The elementary school of Ofen experienced a further significant increase in pupils on April 1, 1953, when the so-called Lettenlager , located in what is now the Westerholtsfelde district , was closed and the refugees taught there, mainly from Latvia and Lithuania , went to school in Ofen.

After the school hut was completely destroyed by a storm on May 17, 1955, the school was expanded in 1957. This expansion ended in 1971 with the construction of the gym.

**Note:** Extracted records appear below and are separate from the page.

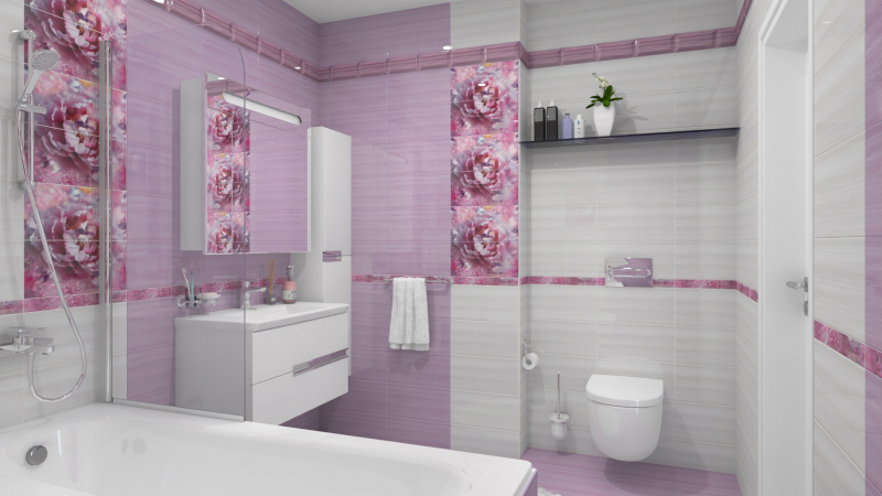 размера 10x20, розового цвета. Данный вид плитки, с цветочным рисунком,
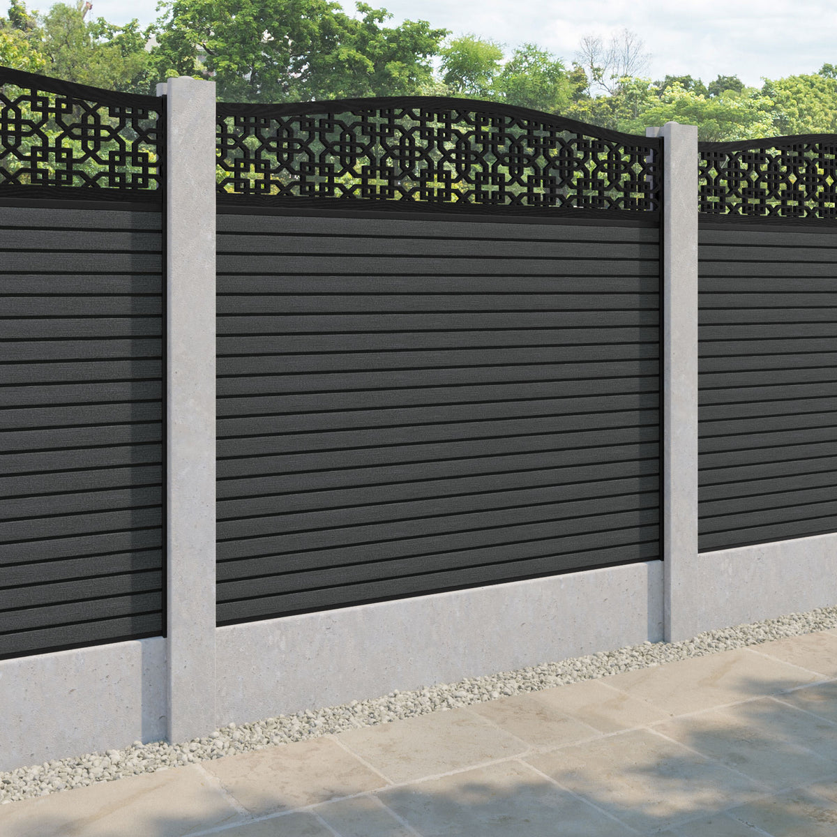 Hudson Zaria Curved Top Fence Panel Dark Grey - for existing concrete posts
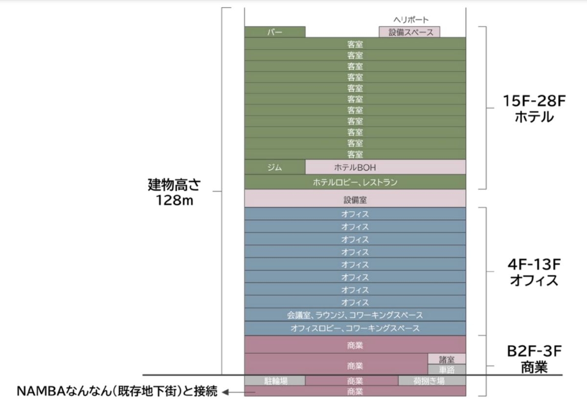 施設構成は、地下2階から地上3階に商業施設、地下1階に駐輪場および荷捌き場、4階から13階にオフィスが入り、4階にはオフィスロビーやコワーキングスペース、5階には会議室やラウンジ、コワーキングスペース、6階から13階にはオフィスが配置されます。14階には設備室、15階から28階にはホテル「ハイアット セントリック なんば 大阪」が入り、15階にホテルロビーやレストラン、16階にジムやホテルBOH、17階から27階に客室、28階にバーや設備スペース、ヘリポートが設けられます。
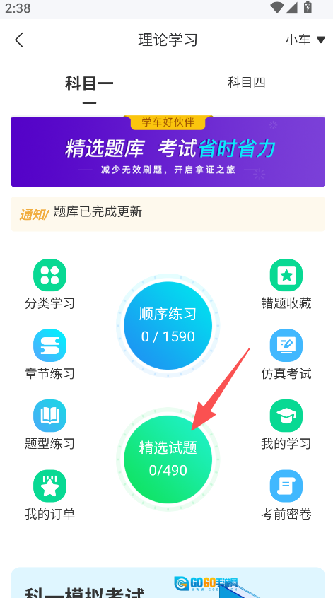 在理论学习页,选择精选试题功能。
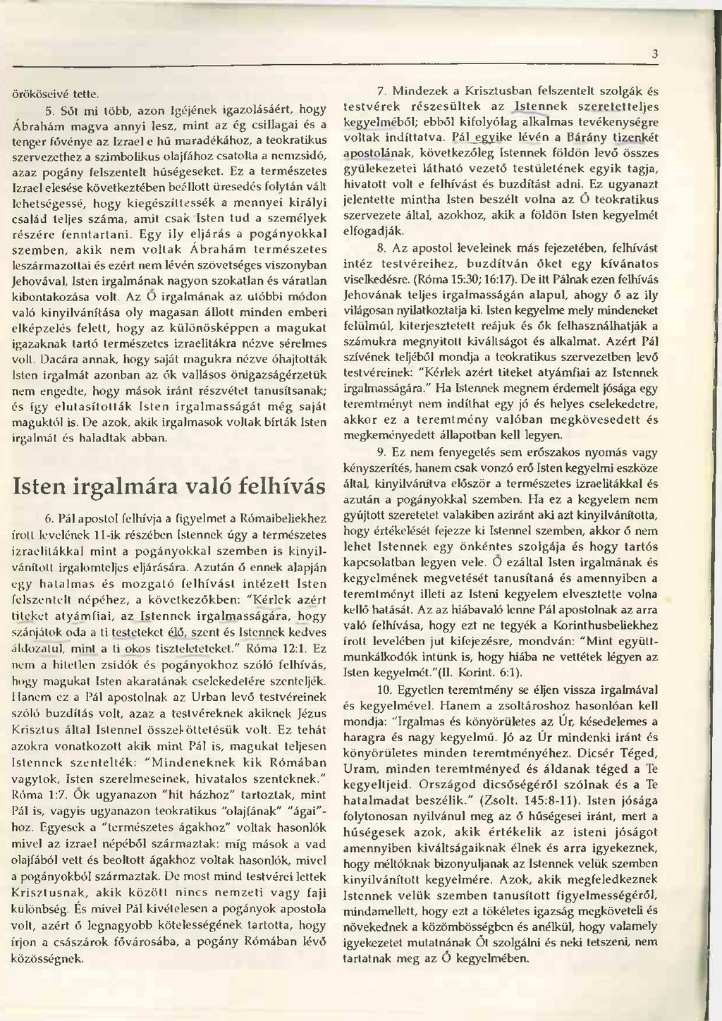 5 Sőt mi több, azon Igéjének igazolásáért, hogy Ábrahám magva annyi lesz, mint az ég csillagai és a tenger fővénye az Izrael e hű maradékához, a teokratikus szervezethez a szimbolikus olajfához csatolta a nemzsidó, azaz pogány felszentelt hűségeseket. Ez a természetes Izrael elesése következtében beállott üresedés folytán vált lehetségessé, hogy kiegészíttessék a mennyei királyi család teljes száma, amit csak Isten tud a személyek részére fenntartani. Egy ily eljárás a pogányokkal szemben, akik nem voltak Ábrahám természetes leszármazottai és ezért nem lévén szövetséges viszonyban Jehovával, Isten irgalmának nagyon szokatlan és váratlan kibontakozása volt. Az Ő irgalmának az utóbbi módon való kinyilvánítása oly magasan állott minden emberi elképzelés felett, hogy az különösképpen a magukat igazaknak tartó természetes izraelitákra nézve sérelmes volt. Dacára annak, hogy saját magukra nézve óhajtották Isten irgalmát azonban az ők vallásos önigazságérzetük nem engedte, hogy mások iránt részvétet tanúsítsanak; és így elutasították Isten irgalmasságát még saját maguktól is. De azok, akik irgalmasok voltak bírták Isten irgalmát és haladtak abban.
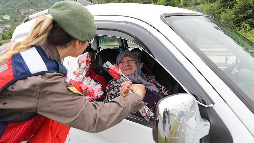 Rize İl Jandarma Komutanlığına bağlı ekipler, sorumluluk alanlarındaki kontrol noktalarında kadınlara gül ve karanfil vererek, Anneler Günü'nü kutladı.
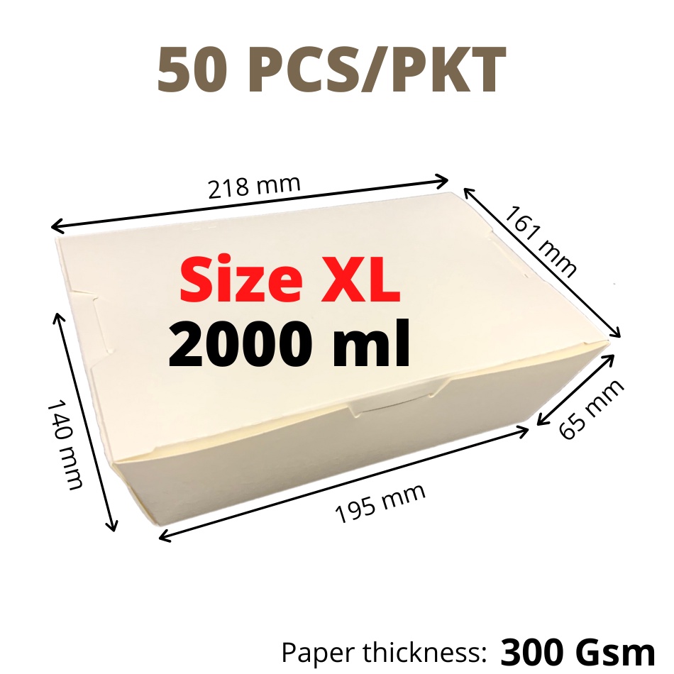 [50 Pcs] PREMIUM WHITE PAPER LUNCH BOX Bento Box Paper Food Box Disposable Container Take Away Recyclable Kraft
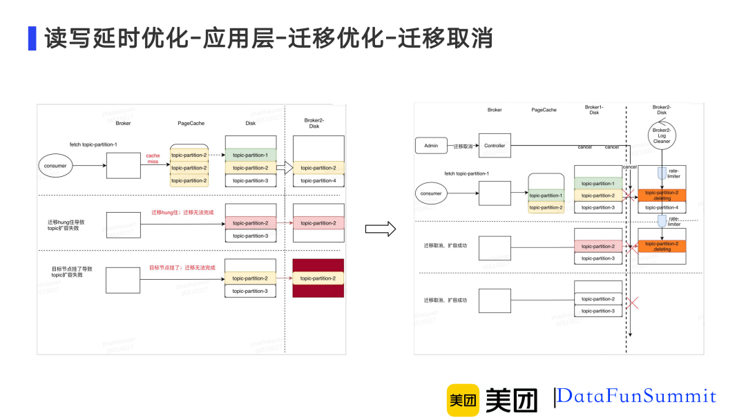 针对上面提到的各种问题,我们支持了一个功能叫迁移取消。当遇到这类问题时,管理员可以调用迁移取消命令,中断正在迁移的分区,针对第一种场景,pagecache就不会被污染,实时读得以保证;在二、三类场景中,因为迁移取消,扩容得以完成。
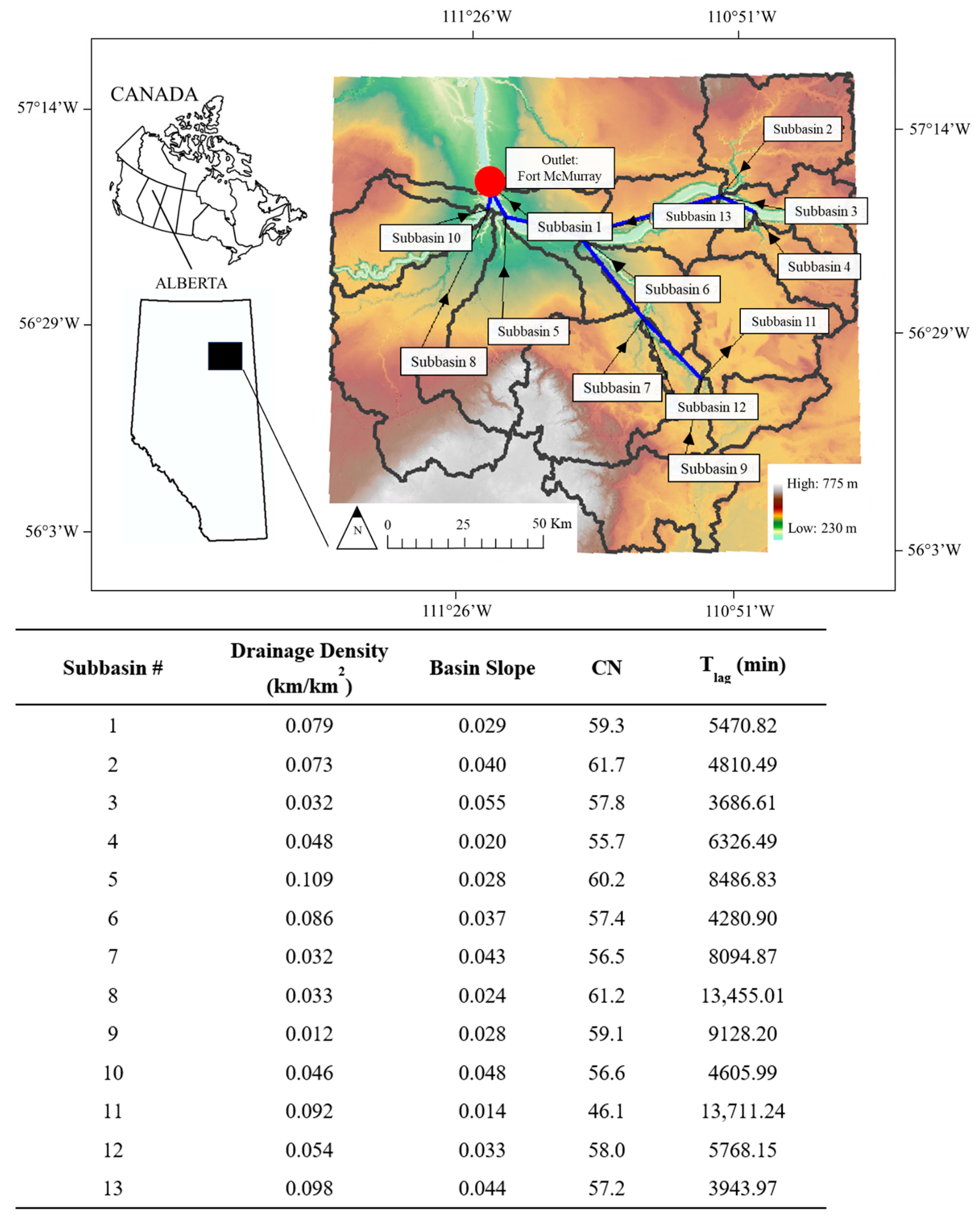 - Hwang, H.-T.; Park, Y.-J.; Sudicky, E.A.; Berg, S.J.; McLaughlin, R.; Jones, J.P. Understanding the Water Balance Paradox in the Athabasca River Basin, Canada. Hydrol. Process. 2018, 32, 729–746. [Google Scholar] [CrossRef]
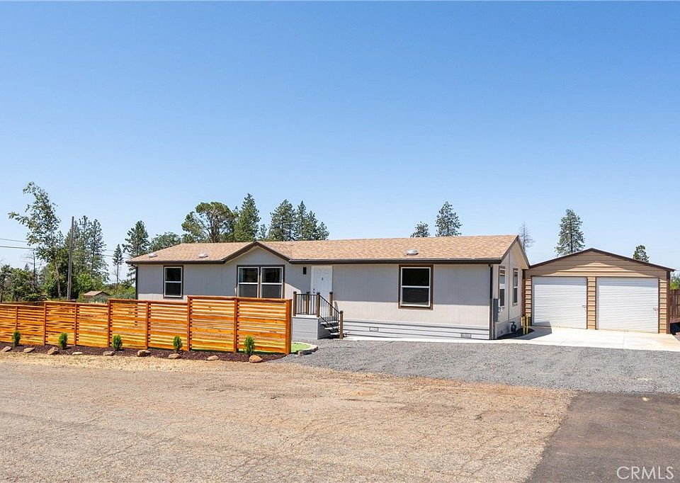 Do not miss your opportunity to own this brand new and spacious manufactured home situated in the Town of Paradise. This home is privately tucked away in a quiet and desired location. This home is close to freeway access, schools, shopping centers, restaurants, churches, and convenient stores. This home features 2 bedrooms, 2 bathrooms and an OVERSIZED DEN that may be used an additional bedroom, office, and or gym. This home boast just under 1500 SQFT of living space, and includes beautiful granite counter tops, granite backsplash, and beautiful flooring. The exterior features a brand new 20x20 shed, garage, or workshop. The front yard has a brand-new wooden fence, with beautiful rock/landscaping, and low maintenance turf.
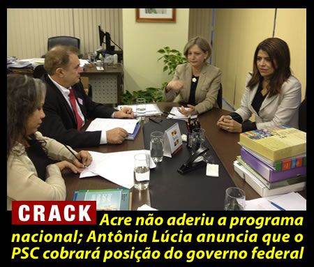 A deputada federal Antônia Lúcia (PSC-AC) vai trabalhar pela inclusão do Estado do Acre, no Plano Integrado de Enfrentamento ao Crack e outras Drogas, lançado pelo Governo Federal em 2010. De acordo com a parlamentar, o Estado ainda não teria assinado o convênio com a Secretaria Nacional de Políticas Publicas sobre Drogas (SENAD).
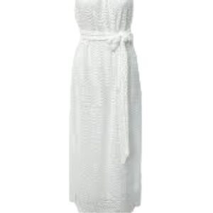 Elegant and effortlessly versatile, this Lilly Pulitzer white lace midi dress works beautifully for both bridal moments and elevated resort occasions. Featuring a luxe gold chain halter neckline, removable tie belt, scalloped lace detailing, and a flattering side slit—this fully lined dress is the perfect mix of refined and relaxed. Wear it to a beach wedding, your bridal shower, rehearsal dinner, or pack it for a chic vacation night out.
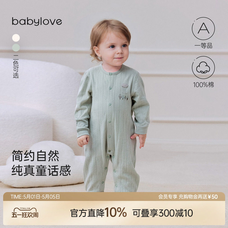 babylove婴儿连体衣春夏A类纯棉双层提花透气纯色爬服宽松不束缚
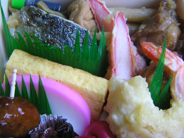 ごまを振りかけた俵ごはんが1つの折に入っており、おかずと区別されています。
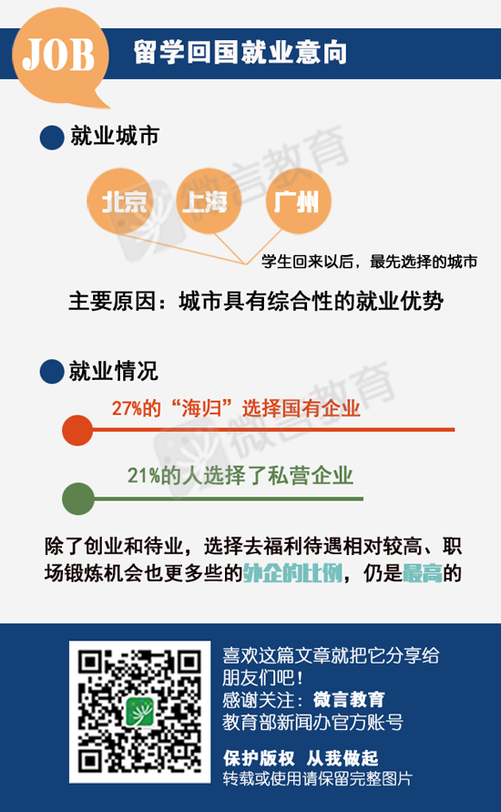 此外,近年来的统计还显示,有27%的“海归”选择国有企业,个中的原因很有意思,因为是父母支持了他们自费留学,所以,当他们回国之后,很多孩子是尊重了父母的意愿去了国有企业。另外有21%的人去了私营企业。当然,除了创业和待业,选择去福利待遇相对较高、职场锻炼机会也更多些的外企的比例,仍是最高的。

The furnace elementary school was converted into a primary school in 1975. Grades 1–4 continued to be taught in Ofen, grades 5–13 went to the schools in Oldenburg, Bad Zwischenahn and Rostrup .

Village community center

In 2014, the “Friedrich-Hempen-Haus” meeting place was built on Alte Dorfstrasse. The hall can hold a good 100 people.

Personalities

  • Anne Plagemann , humanistic pedagogue, mathematician and biologist
  • Eva Högl , member of the German Bundestag , grew up in Ofen

literature

  • Karl Benke, Hellmuth Boelsen, Wilhelm Bruns, Heike Düselder, Gerd Fischer, Eilert Freese, Jürgen Günther, Michael Hansing, Klaus Harms, Wolfgang Hartung, Walter Helmerichs, Paul Hinrichs, Ulrich Hellweg, Günter König, Uwe Krüger, Günter Kühl, Axel Lüers , Bernhard Menke, Wilhelm Friedrich Meyer, Helmut Ottenjann, Christoph Reinders-Düselder, Karl Veit Riedel, Ilse-Jutta Sandstede, Wilhelm Sandstede, Gerd Schmidt-Möck, Carl-Heinz Schöfer, Peter Schulze, Gerd von Seggern, Erhard Steiner, Klaus Taux , Günther Wiechmann, Christian Wöbcken, Karl-Heinz Ziessow, Dieter Zoller, Dirk Zoller, Marianne Zoller: The Bad Zwischenahn community . People, history, landscape. Ed .: Municipality of Bad Zwischenahn. Friedrich Schmücker GmbH, Bad Zwischenahn 1994 (1062 pages; alternative title: Chronicle of the Bad Zwischenahn community on google-books ).

Web links

Individual evidence

  1. Annual statistical report of the Bad Zwischenahn community as of December 31, 2019
  2. Georg Bredehorn: Evangelical Parish Eversten . In: Eversten: From 1200 to the 20th century . Isensee-Verlag, Oldenburg 2001, ISBN 3-89598-750-6 , p. 50 .
  3. ^ Wilhelm Friedrich Meyer: The Evangelical Lutheran Church Community of Oven . In: Community of Bad Zwischenahn (ed.): Chronicle of the community of Bad Zwischenahn . 1994, p. 547 ff .
  4. 35 years of a “house full of life”. In: NWZOnline.de. August 25, 2011, accessed February 7, 2013 .
  5. a b Gerdes Reisen receives award from the ZVBN for regional bus services in the Ammerland district. Verkehrsverbund Bremen / Niedersachsen GmbH, accessed on September 7, 2017 .
  6. ↑ Laying of the foundation stone for Friedrich-Hempen-Haus , accessed on May 8, 2014.
  7. Högl member of the Bundestag from January 2009 , accessed on April 25, 2014.